Every time you add one of these qubits, you double the number of these parallel universes that you have access to.

The doubling is mathematically real, the state space of n qubits is 2 to the n dimensional, which is exactly why quantum computers are powerful. The "parallel universes you have access to" is Rose's interpretive gloss on that math, a sales friendly framing, not a measured fact about visiting other worlds. Both things are true at once: the exponential scaling is real, and the universe tourism is a metaphor.

The narrator extends it to stakes everyone agrees on: a powerful enough quantum computer could simulate chemistry, biology, markets, weather, maybe parts of the brain, which is why governments and companies race to build one first, and why post quantum cryptography is a live concern, a sufficiently large machine could break much of today's public key encryption. That part is mainstream and correct.

classical bit 0 1 one value at a time

qubit 0 + 1 superposition: both at once

add qubits → state space doubles 1 2 3 4 qubits → 16 states real math (2ⁿ). "parallel universes you visit" is the interpretive gloss.
Figure 1. What the video gets right and what it dresses up. A qubit really does hold a superposition of 0 and 1, and n qubits really do span a 2ⁿ dimensional state space, which is the genuine source of quantum speedups. Geordie Rose's "you double the parallel universes you can access" is the many worlds story laid over that math, evocative but not a measured claim about traveling between worlds.

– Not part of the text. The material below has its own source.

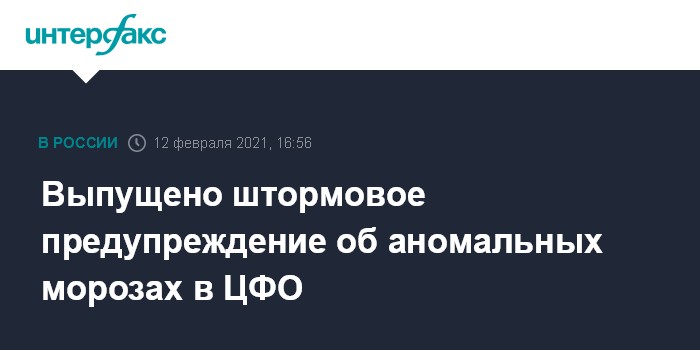 Москва. 12 февраля. INTERFAX.RU - Гидрометцентр России выпустил штормовое предупреждение об аномально холодной погоде в Центральном федеральном округе, сообщив, что вслед за снегопадами и метелями в центре Европейской России будут усиливаться морозы.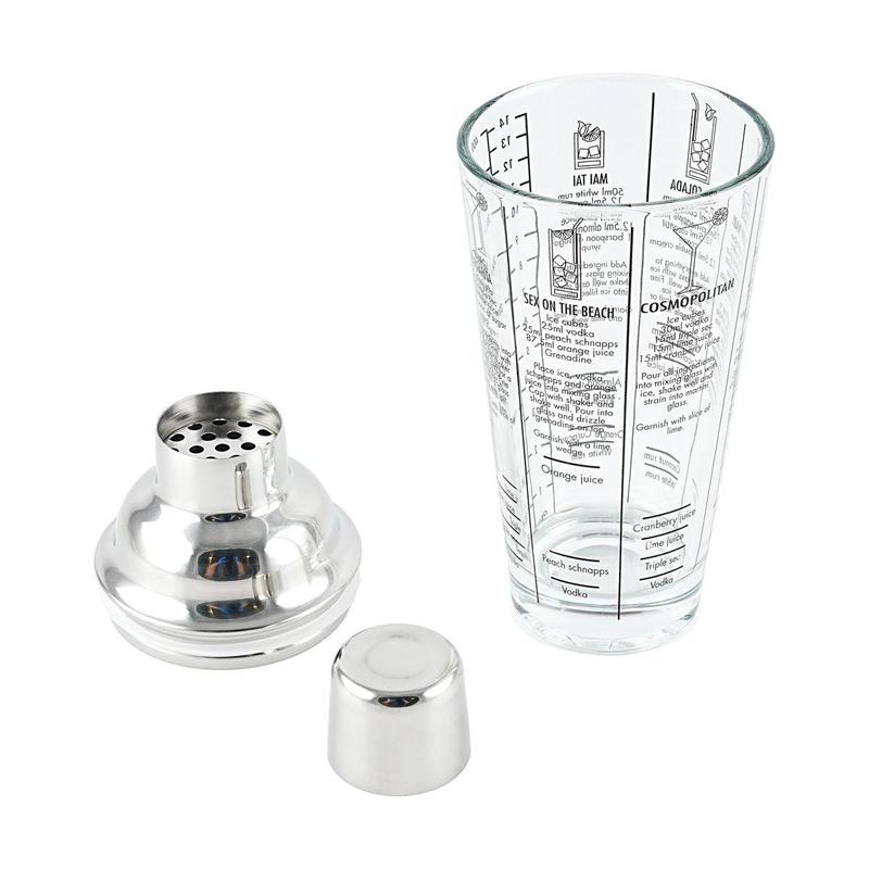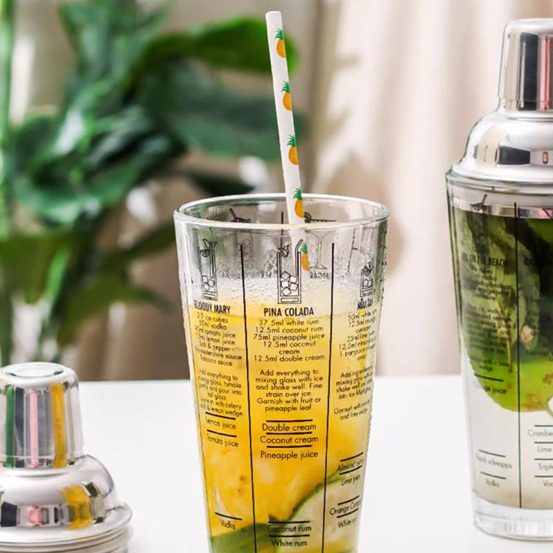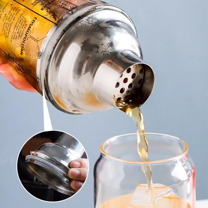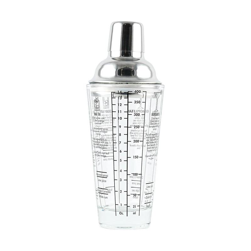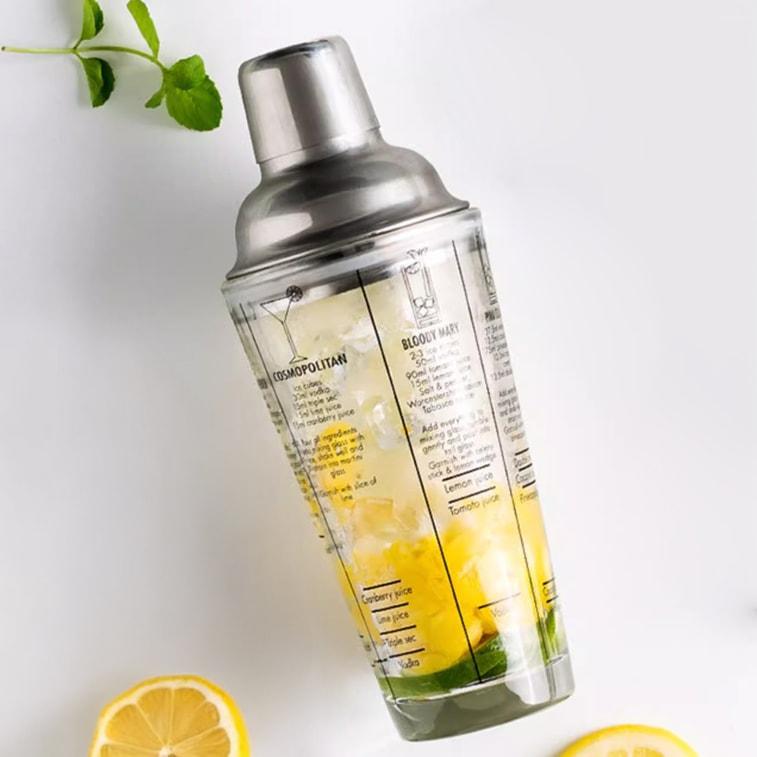 ·A glass shaker with scale for precise measurements, ensuring deliciousness without deviation.

The delayed choice quantum eraser, the video's strongest card

This is where the video plays its most legitimate experiment, and it describes it reasonably well. It starts from the double slit experiment: light sent through two slits forms an interference pattern like a wave, but the moment you record which slit each photon went through, the pattern collapses and the light behaves like particles. Knowing the path destroys the wave behavior.

The quantum eraser pushes harder. Tag each photon by its path (usually by changing its polarization, the narrator notes this accurately), and the interference disappears because the which path information now exists. Then, in the delayed choice version, after the photon has already passed the slits, the experimenters scramble the tags so the path becomes unknowable in principle. They erase the information, not the photon and not its path. And when the path is made unknowable, the interference pattern returns.

The narrator states the disturbing reading honestly and then immediately undercuts it, which is unusually fair for this genre:

Some physicists reject the idea that this means the future literally changes the past. But even they admit this experiment challenges the normal human understanding of time and causality.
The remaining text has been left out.